Oh, look, poet X has done this thing that jazzes my art-bone. Put that one aside to discuss etc. But after you’ve got your long list or shortlist as a group, well, it’s anyone’s game. The jury will jockey for position and someone will emerge on top. It almost doesn’t matter who, because the point is the shortlist and the news cycle it will generate for the industry. (I really wish people who dig award books knew this and bought the entire shortlist instead of just the winning title… usually, any one of them could have won.)
Sadly, this need for award recognition is so ingrained in the publishing process now because it’s one of the ONLY ways to break through societal indifference. In this way, it’s become both an entire subculture AND marketing strategy unto itself.
Publishers wait two weeks to a month after a book releases to see if it generates buzz and if it doesn’t, they set it on the backburner until awards season. If it gets a nomination bump then, they pick it back up and see how it does. It’s a terrible way to look at art.
That all said, publishing is a business, as is “writing” (once it’s complete). And I think there are some positives to major awards — namely the chance to write and publish more.
In many ways, a literary prize is like a 1up in a video game: the author gets a free life (some money and renown and possibly a new book deal with a hopefully bigger advance), and the publisher gets the same (more sales, notoriety, etc). In the end, it just lets us play a little longer.

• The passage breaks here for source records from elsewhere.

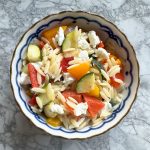 Assemble the vegetables and orzo in a large bowl and toss in the dressing – add in the goat cheese (or feta) and some and fresh herbs (like basil) if you’d like – chopped green onion is another suggestion. Let it all cool to room temperature and then serve.
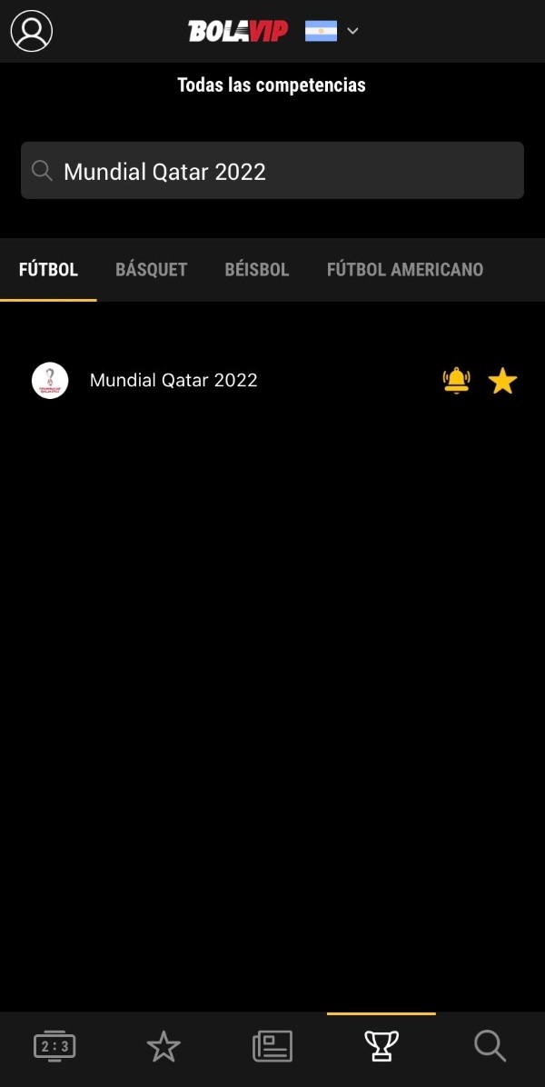 1. Ingresa a la sección de competencia y busca el Mundial Qatar 2022.
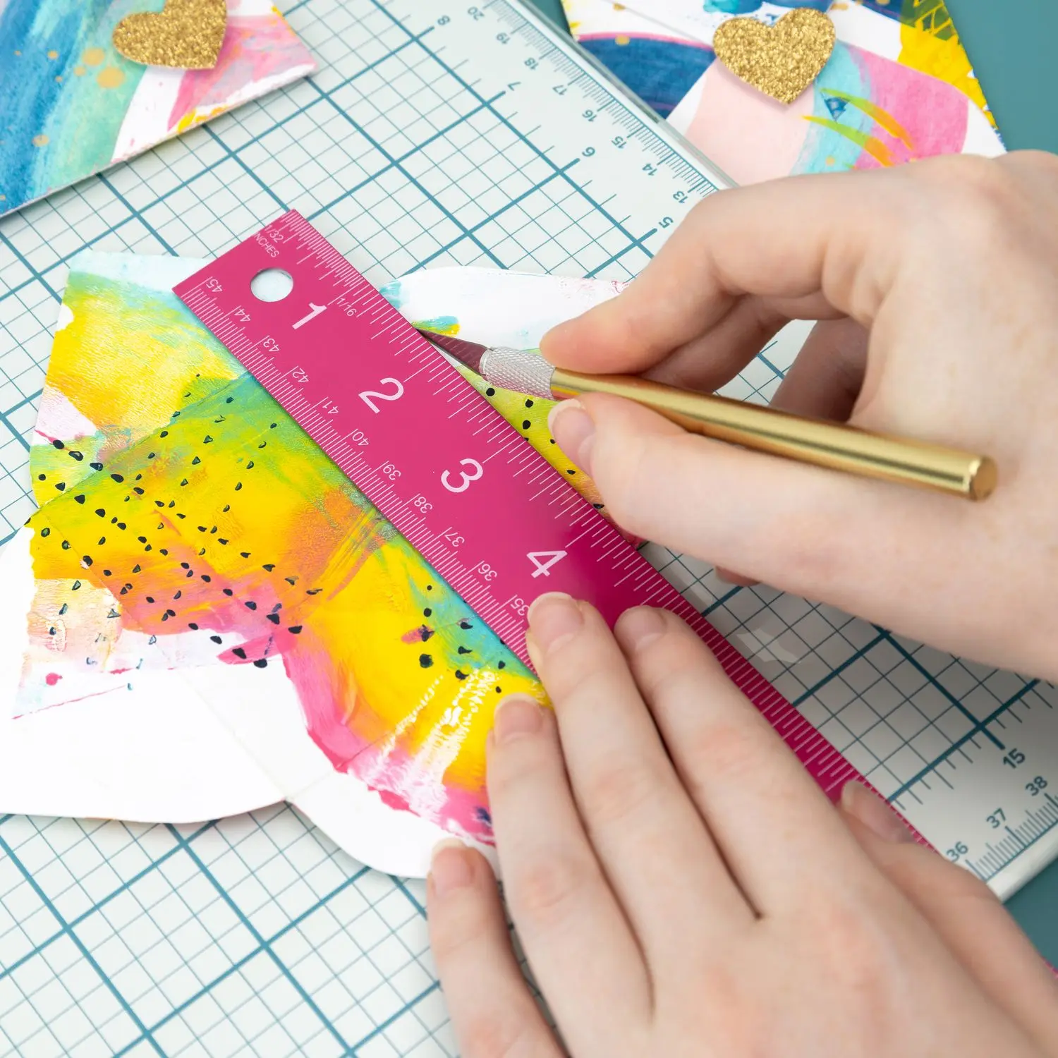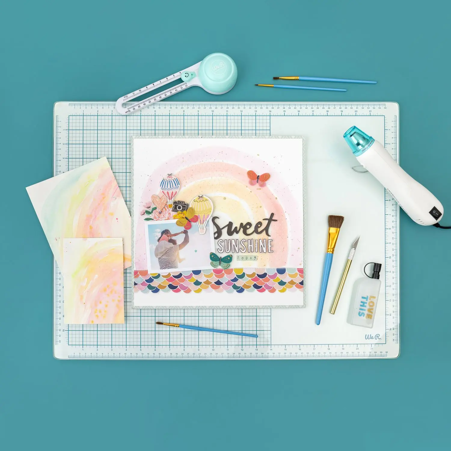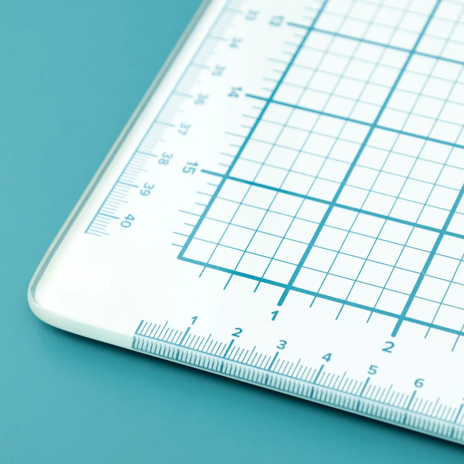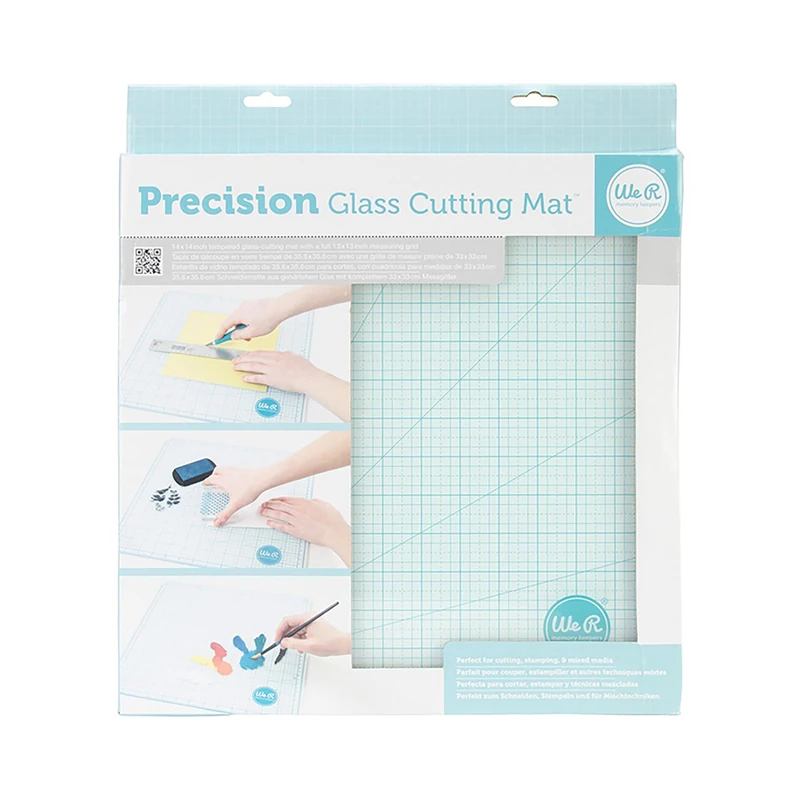La alfombrilla para cortar vidrio We R Memory Keepers es mucho más que una alfombrilla para cortar: es perfecta para cortar, estampar y utilizar medios mixtos. Cuenta con un corte suave y preciso, una superficie de trabajo duradera, vidrio templado, líneas de medición de ángulos, paleta de pintura y mezcla, es seguro para pegamento caliente, una superficie limpia para estampar, pies antideslizantes, una rejilla de trece pulgadas fácil de limpiar y tiene medidas métricas y en pulgadas. Este paquete contiene una alfombrilla para cortar vidrio templado de 14 x 14 pulgadas con una rejilla de medición completa de 13 x 13 pulgadas. Importado.
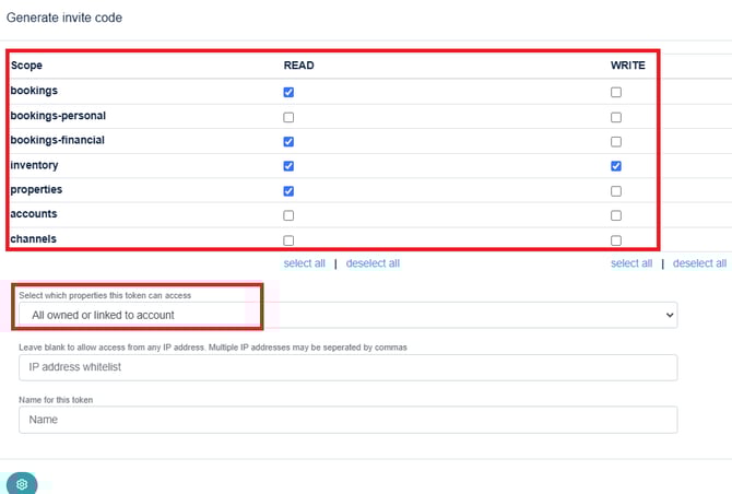 - Par contre, dans certaines autres versions de Beds24, vous verrez l'écran ci-dessous. Si vous voyez cet écran, veuillez également sélectionner "Autoriser les comptes appartenant ou liés au compte" dans le menu déroulant.
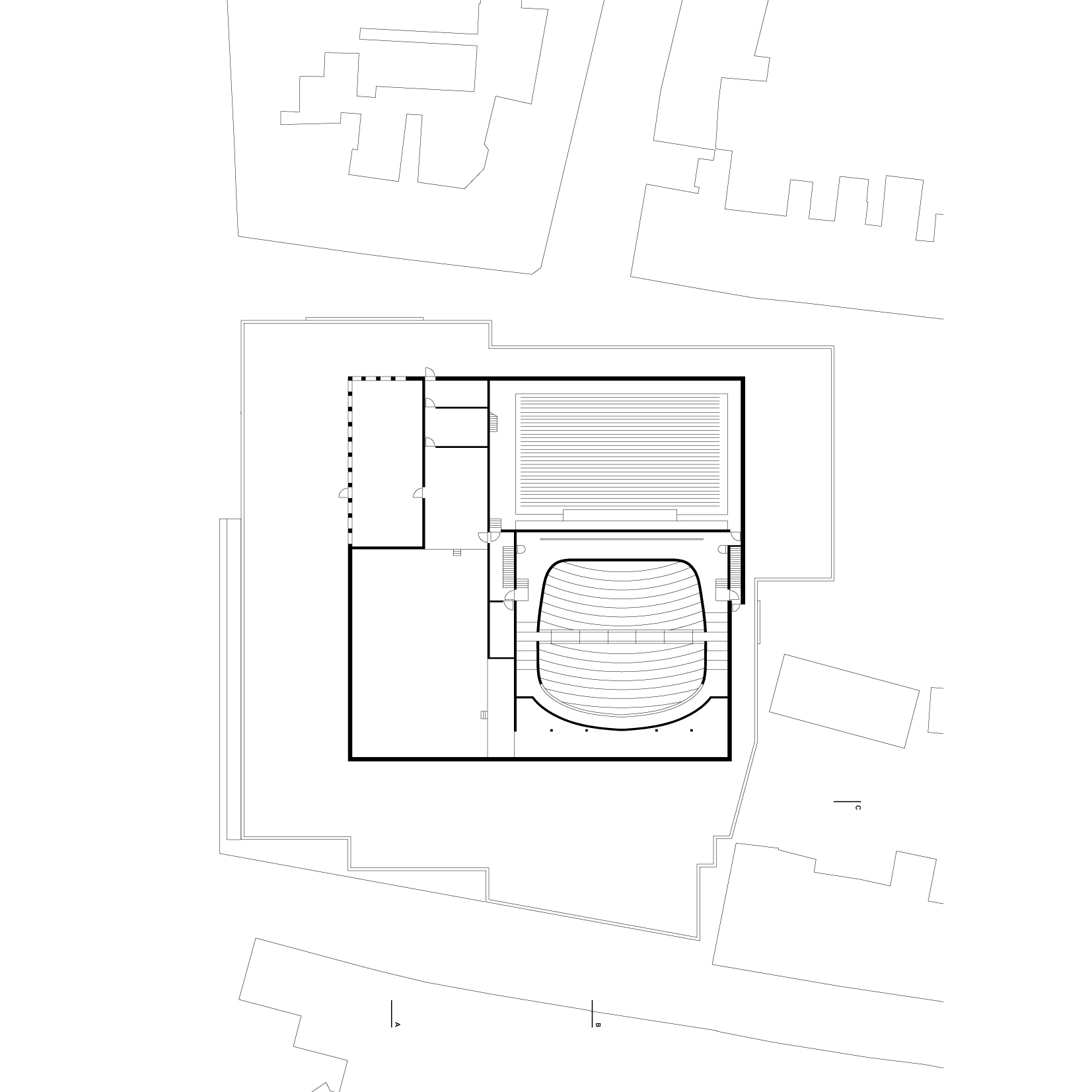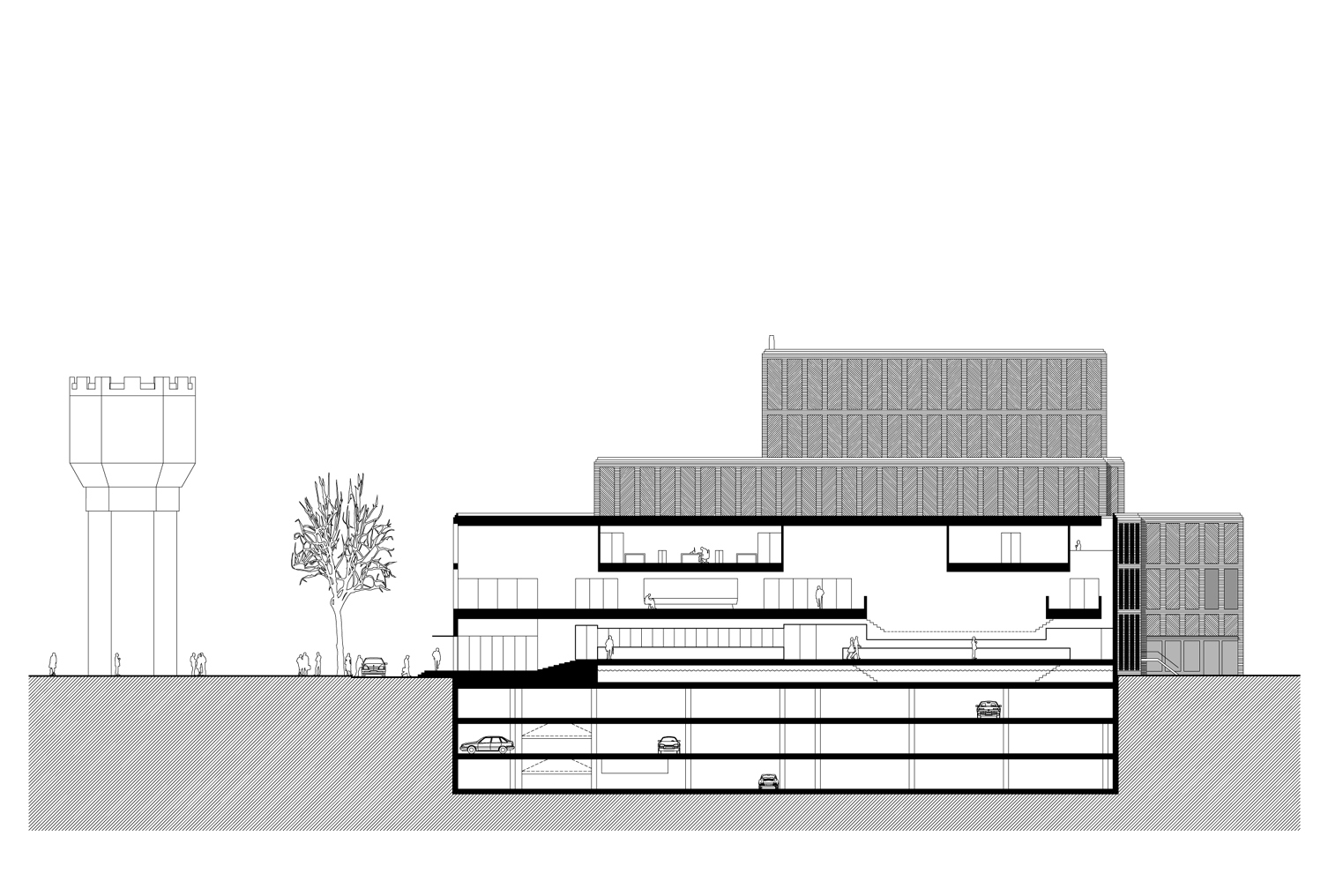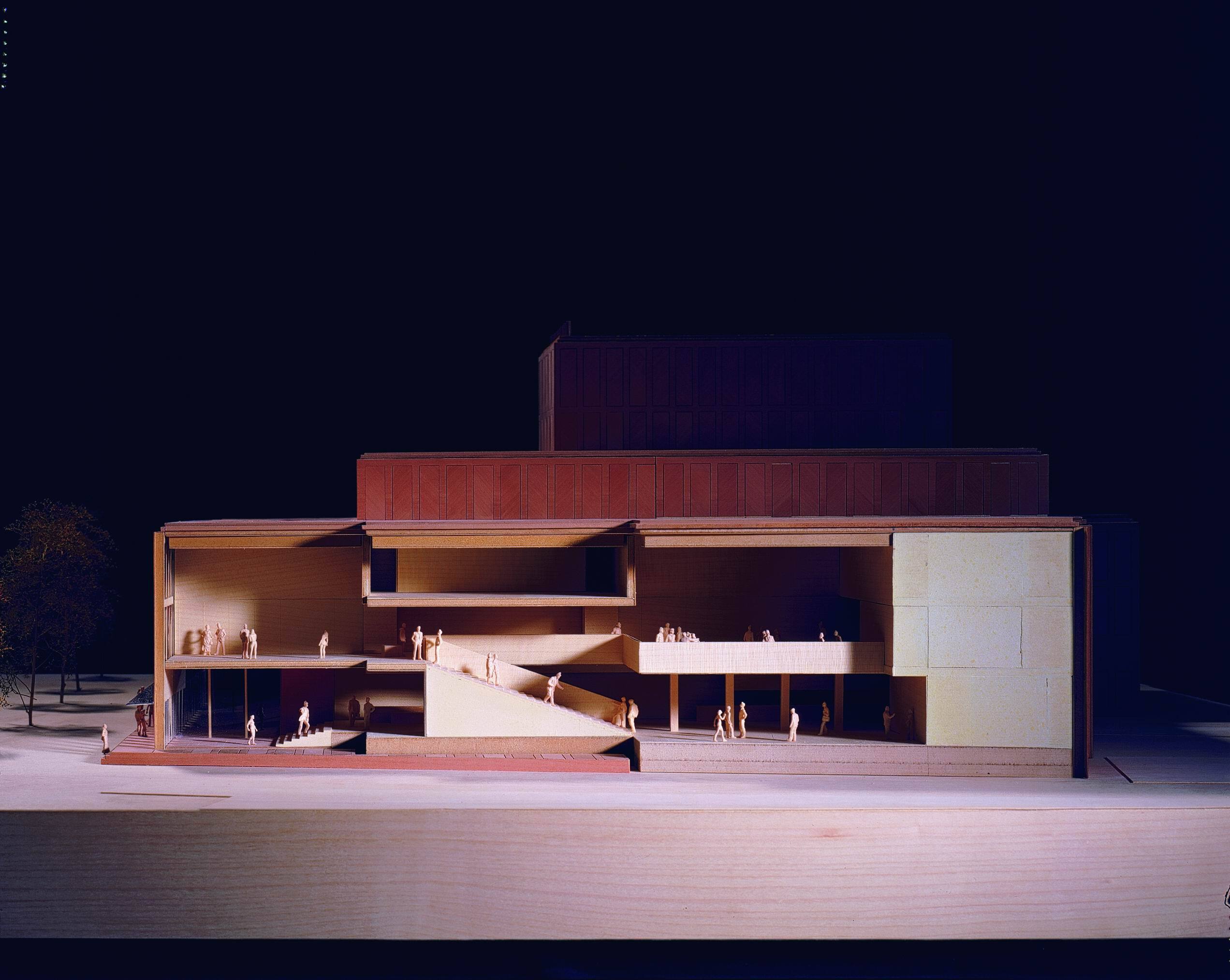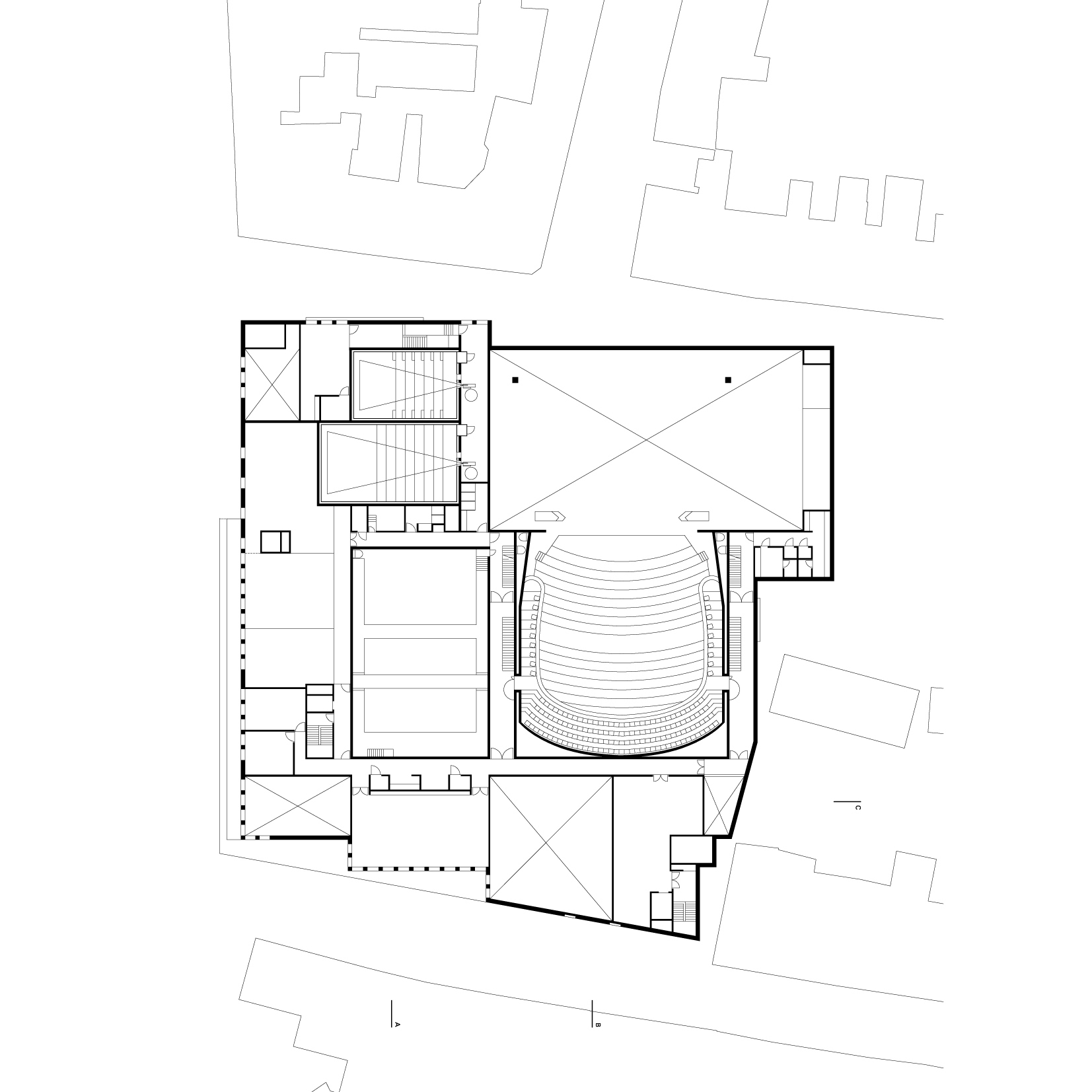 Within this clear volume, the programme is organised efficiently. The building accommodates a large and a small auditorium, a film theatre, foyers, a restaurant and a multi-purpose space. Technical areas, offices and delivery and loading facilities are integrated behind the scenes. Below ground level, within the 278-space car park, the changing rooms and foyer for performers are positioned alongside the orchestra pit of the large auditorium, allowing for direct and practical connections between stage and backstage areas.

Writing may be difficult, but if McGregor’s previous books are any guide, Lean Fall Stand will probably wind up on a few prize shortlists before the year’s out. (His novel Even the Dogs won the International Dublin Literary Award in 2012.) What does he think about prizes? “They mean a range of different things,” he says, then pauses for a long time, searching for diplomatic phrasing. “I think they’re both a useful way of bringing attention to hopefully interesting work, and a fairly shallow marketing trick, or both those things.”